In the Table of Figure 14 we represent the Assembly Mnemonics and their corresponding Opcode, Command Signals and Binary Result. The values of value and address referred in the table are provided by the constant of the instruction. When DM address is referred its meant to refer the value contained in that DM position.
Assembler
The Assembler is an interpreter for the Assembly, creating machine code by converting the Assembly mnemonics into opcodes. But it does more than that. The Assembler provides directives that once implemented in the Assembly, led it to perform certain procedures when interpreting it. In our small Assembly program we’ll use the EQU (EQUal) directive. This directive does not generate machine code instructions, only telling the Assembler that the symbolic constant that comes before the directive has the value that comes after it.
The use of this directive prevents the developer to write always the same values at several places. In addition, having the name awarded to it some meaning to the developer, allows him to more clearly know the places where to include it in the program. And yet, if by any means the developer has to change the constant value it will do it only once, changing the directive. When interpreting the program the assembler replaces the name of the constant by its value.

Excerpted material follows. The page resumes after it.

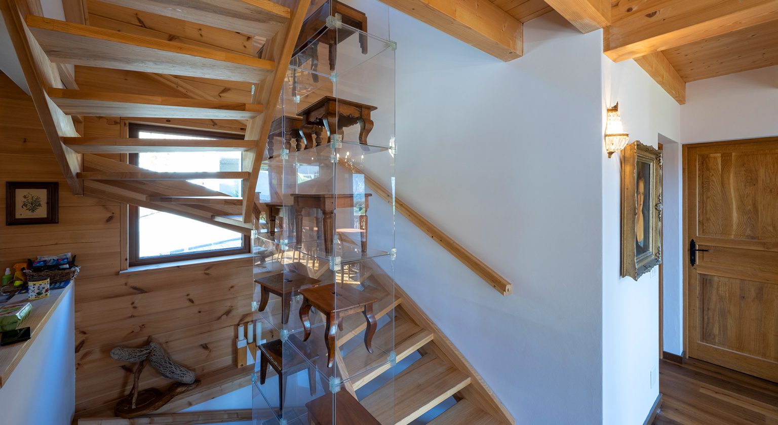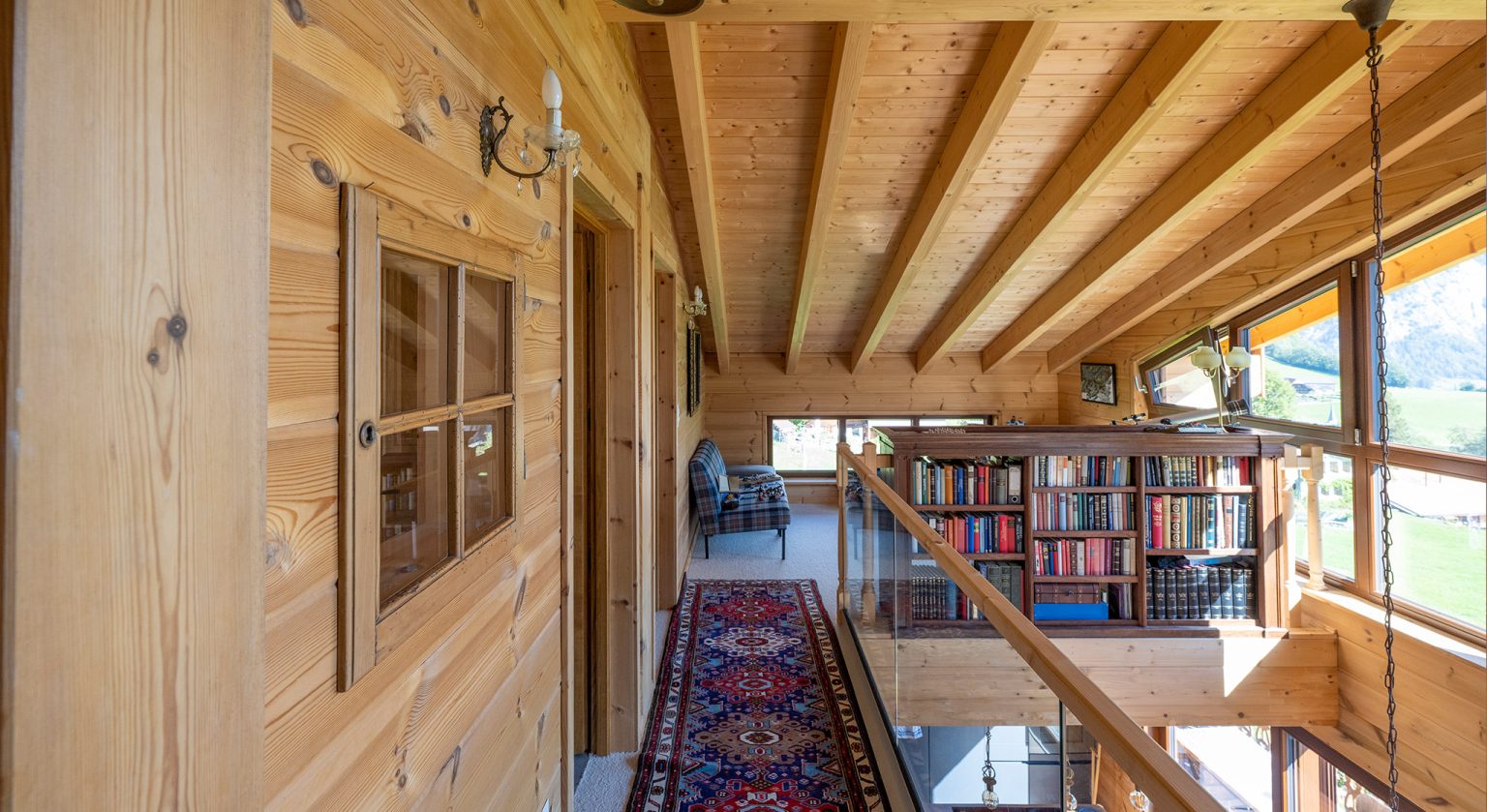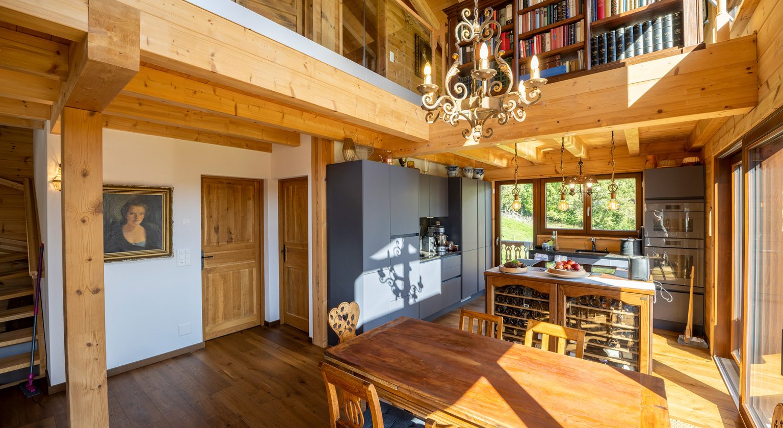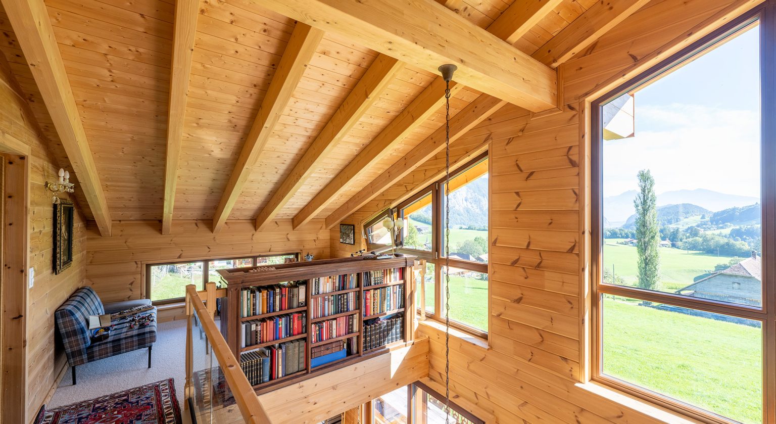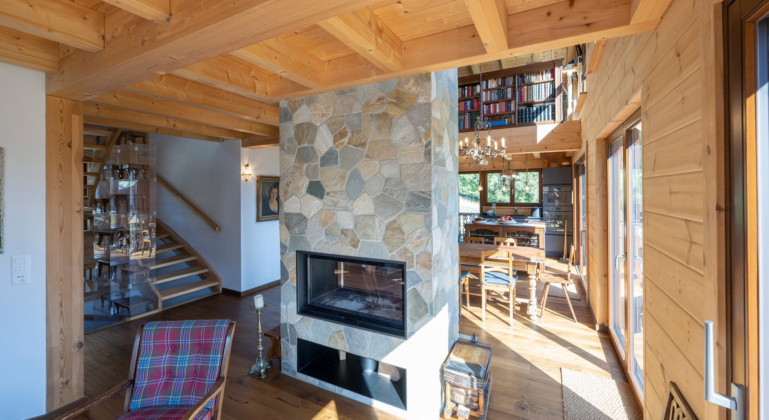 Hinsichtlich seiner schlichten, geradlinigen Architektur entspricht Holzhaus „Diemtigtal“ ganz den örtlichen Vorgaben. Die Raumaufteilung im Haus ist jedoch ganz frei und individuell gewählt. Dabei ist die Kombination von Offenheit und Privatsphäre perfekt geglückt. Das Erdgeschoss betritt man von der Rückseite des Hauses und gelangt in ein halb separiertes Entrée, das in den großzügigen Wohn-/Ess-/Kochbereich übergeht. Über dem Esszimmer erstreckt sich bis zur Firstpfette ein hoher Luftraum, welcher den imposanten Sichtdachstuhl in Szene setzt. Zwischen Wohnzimmer und Küche/Esszimmer befindet sich ein Firsthohes Tunnel-Cheminée, welches die genannten Bereiche auf exklusive und optisch sehr ansprechende Weise voneinander trennt. Die warmen Holzwände werden von weiß tapezierten Trennwänden ergänzt, die ein Plus an Helligkeit und Leichtigkeit ins Haus bringen. Ein Schlafzimmer und ein Badezimmer komplettieren das Raumprogramm im Erdgeschoss. Über eine offene Holztreppe geht man hinauf ins Dachgeschoss. Dort verbindet eine großflächige Galerie die einzelnen Privaträume der Hausbewohner miteinander. Das sind: drei Schlafzimmer, eins davon mit angeschlossener Ankleide; ein großes Badezimmer mit Wanne und ein Gäste-WC. Des Weiteren befindet sich eine kleine Bibliothek mit gemütlichem Lesebereich auf der Galerie. Von unten ist die Galerie einsehbar, da dort ein Geländer aus durchsichtigen Glasscheiben mit Holzhandlauf montiert wurde. Dies sorgt für noch mehr Transparenz und Offenheit im Haus.

For the jump addresses definition the Assembler introduces the concept of labels. These shall be placed before the Assembly program instructions to which jumps can eventually be performed. When interpreting the program, the Assembler assigns to each label the correct address of the IM where the referred instruction lies, afterwards replacing them where they are referred in the program by their value. This way every time the developer changes the program he doesn’t need to change all the jump addresses as the Assembler, when interpreting it, will assign their correct values to the labels.
The Program
Now we are going to develop a little program to calculate the factorial of a number, starting by the determination of the algorithm for its solution, then going to its conversion into an Assembly program and finally writing it in C.
To illustrate its execution we’ll follow the opposite path decomposing the C instructions into Assembly, then this ones into opcodes and finally into frames illustrating the CPU operation and highlighting the circuits used for it.
The factorial of a number is the result obtained by successively multiplying that number by all that follow it until 1. For instance, the factorial of 4, is represented by
4! = 4 x 3 x 2 x 1 = 24
In order to calculate it we must multiply 4 by 3 (4-1) and then multiply the result by 2 (3-1). Multiplying by 1 is needless since it doesn’t produce any effect. Thus the operation is finished when we multiply by 2.
The Program Algorithm
In order to develop the algorithm we simulated this operation in a calculator which only admits one operation at a time, provided with 2 memories, M1 and M2. We used 2 variables, factorial and temporary and used an iterating method to execute the operation.
The variable factorial represents the result at the end of each iteration. The variable temporary represents the value for which factorial will be multiplied in the next iteration.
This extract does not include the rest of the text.